Il n'existe aucun âge où les bêtises s'arrêtent d'un coup. Elles diminuent progressivement, avec un passage difficile à l'adolescence où tout semble régresser, puis une maturation qui varie selon la taille et le caractère du chien. Ce qui accélère les choses, c'est la constance et une dépense suffisante, pas l'attente.

C'est la question que se posent tous les propriétaires de jeune chien, en général assis par terre au milieu d'un coussin éventré. La réponse honnête est décevante sur le moment, mais elle est utile : il n'y a pas de date de fin, il y a une pente. Et cette pente, on peut l'incliner.

Pourquoi il n'y a pas d'âge couperet

Deux chiots du même âge peuvent être à des stades très différents. Le gabarit compte beaucoup : les petits chiens atteignent leur maturité comportementale plus tôt que les grands, dont le développement s'étale davantage. Le tempérament compte tout autant. Un chien issu de lignées sélectionnées pour travailler toute la journée ne se calmera pas à l'âge où un chien plus posé s'assagit, quels que soient vos efforts.

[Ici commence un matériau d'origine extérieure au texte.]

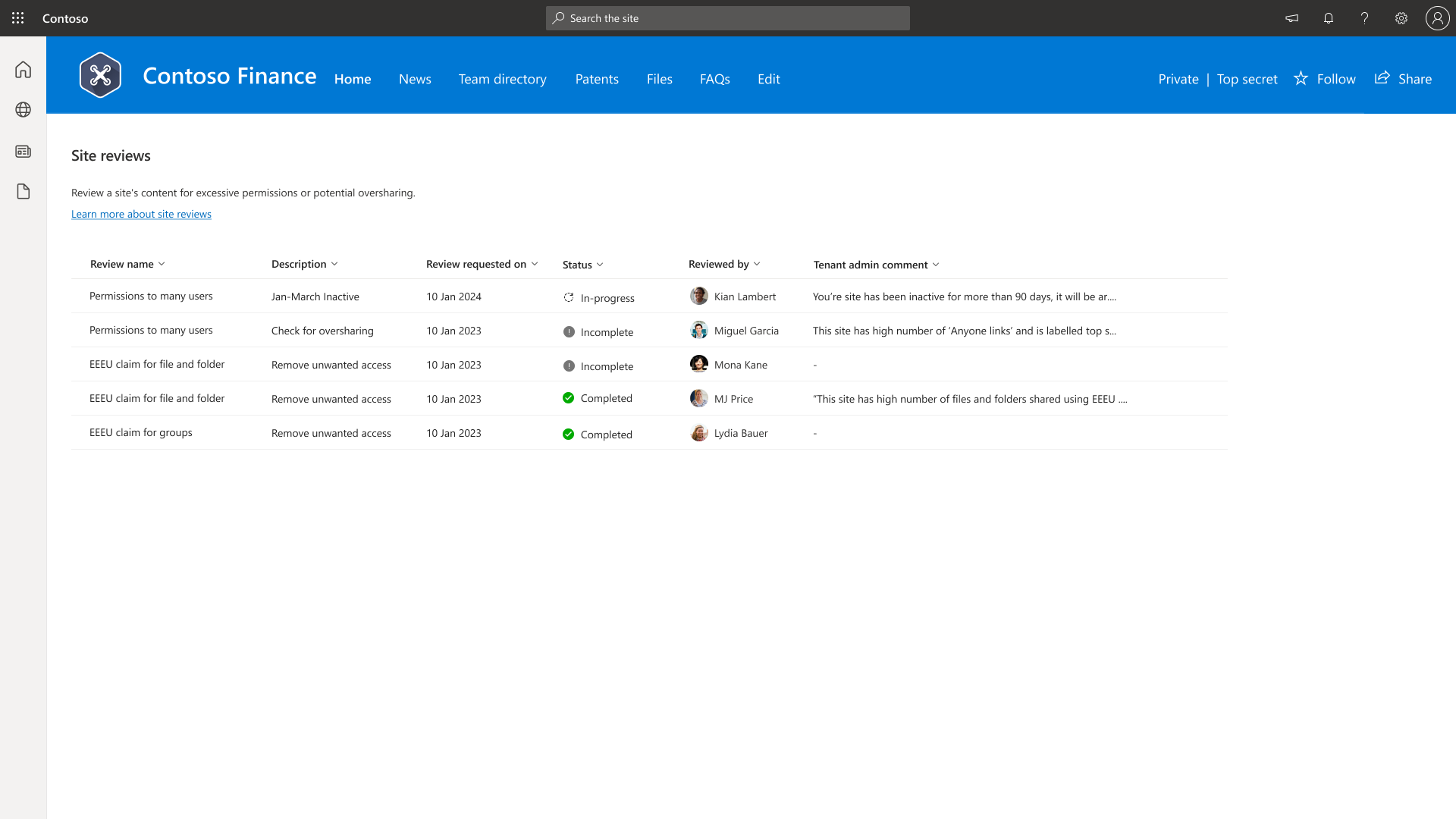 To track all initiated site access reviews, go to the My review requests tab on the Data access governance landing page.
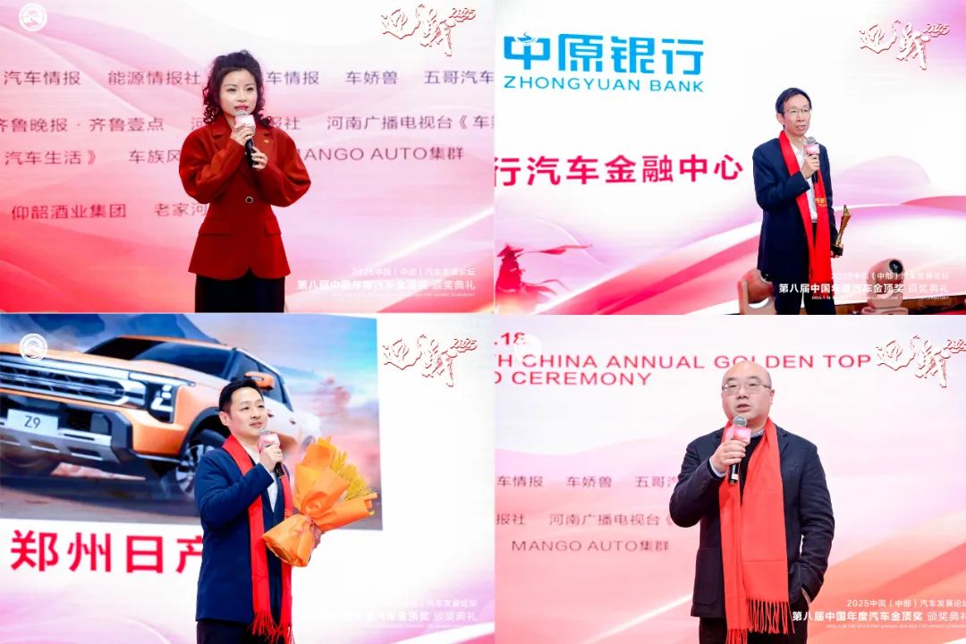 天公作美!1月18日,中原大地艷陽如春!來自全國近50家車企及部分產業鏈企業主要負責人齊聚鄭州,2025中國(中部)汽車發展論壇在電影與現實交織、及歷史與未來對話中隆重舉行,第八屆中國年度汽車金頂獎的各大獎項隨后也在這里一一揭曉。來自中國汽車工業協會、全國乘用車信息聯席會、中國汽研、河南省改革發展研究院、河南省新能源商會、河南省汽車工程學會、河南省汽車行業商會、河南省汽車經銷商商會等行業主管部門和各大商協會的主要領導,與來自全國各地的10余家主流汽車媒體代表一起,共同見證了屬于中國汽車人的年度高光時刻。
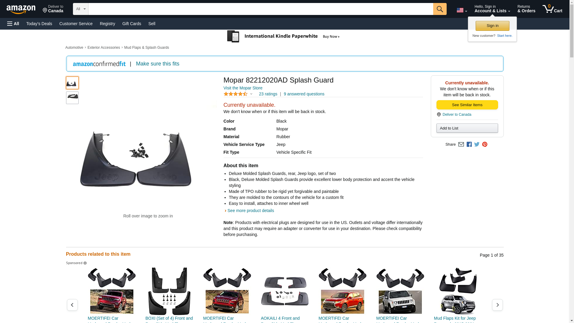 Mopar 82212020AD Splash Guard , Black
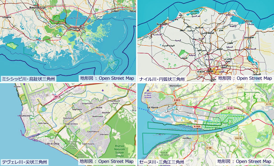 ④ 三角江三角州 : 入江などで遠浅で弱い沿岸流の所に,比較的大きな河川が流れ込んでいる場合に形成されやすいようです。
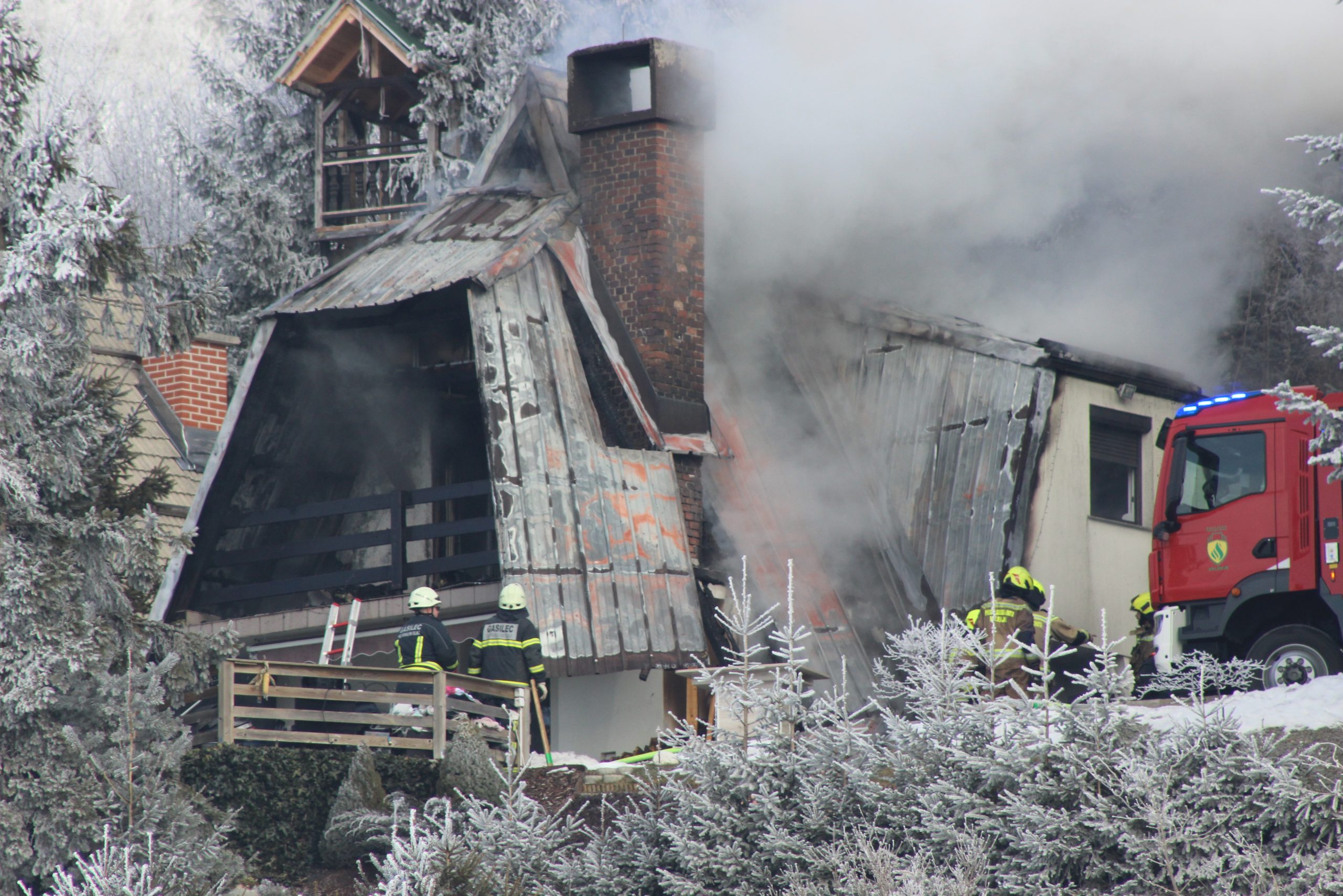 Ognjeni zublji so zajeli stanovanjsko hišo. "Po prvih podatkih je ogenj v celoti uničil mansardni in srednji del stanovanjske hiše. Materialna škoda bo visoka," poroča PU Celje.
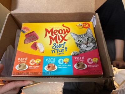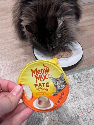 [This review was collected as part of a promotion.] My cat loves Meow Mix Pâté in Gravy! The packaging is eye-catching and features a picture of a happy cat, which matches my cat's expression when they're eating it. The product comes in a convenient container that's easy to open and serve. My cat devours it eagerly, and I appreciate the variety of flavors available. Overall, I'm satisfied with Meow Mix Pâté in Gravy and would recommend it to other cat owners.
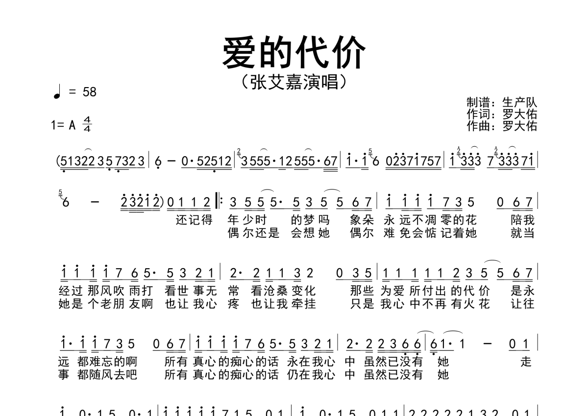 曲谱介绍: 张艾嘉《爱的代价》原版简谱,生产队编配出品,共有1张高清图谱,免翻页排版设计。
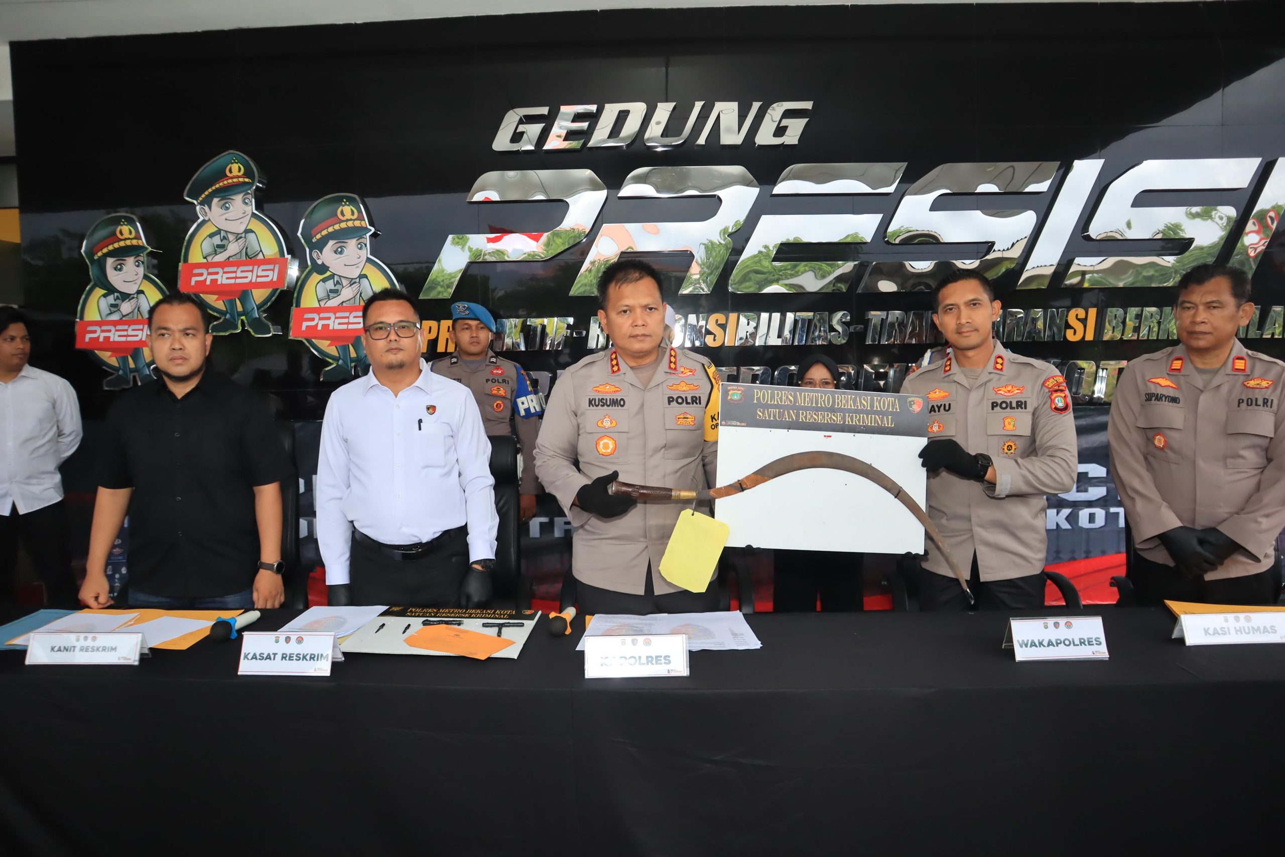 BEKASIPEDIA.com | KOTA BEKASI – Kapolres Metro Bekasi Kota Kombes Pol Kusumo Wahyu Bintoro, S.H., S.I.K., M.H, didampingi Wakapolres AKBP Bayu Pratama Gubunagi, S.H, S.I.K., M.Si, Kasat Reskrim AKBP Braiel Arnold Rondonuwu, dan Kasi Humas AKP Suparyono menggelar konferensi pers pengungkapan kasus pencurian dengan pemberatan (Curat) kendaraan roda dua di Lobi Mapolres, Senin (3/11/2025).

Enfin, ce que l'on appelle « bêtise » recouvre des choses sans rapport entre elles. Un chiot qui mordille les mains, un jeune chien qui vide la poubelle, un adolescent qui ne revient plus au rappel : trois comportements, trois causes, trois calendriers.

Le jeune chiot découvre le monde avec la gueule

Chez le tout jeune chien, la gueule est l'outil principal d'exploration. Il attrape, mâchouille, teste la texture des choses, exactement comme un enfant qui porte tout à la bouche. Ce n'est pas un défaut de caractère et cela ne se corrige pas : cela s'oriente, en veillant à ce qu'il ait toujours quelque chose d'autorisé et d'agréable à mâcher sous la dent.

La poussée dentaire accentue ce besoin pendant plusieurs mois. Les gencives sont sensibles, mâcher soulage. C'est aussi la période où l'on commence à apprendre la propreté, où les accidents sont normaux et où la régularité des sorties fait tout le travail.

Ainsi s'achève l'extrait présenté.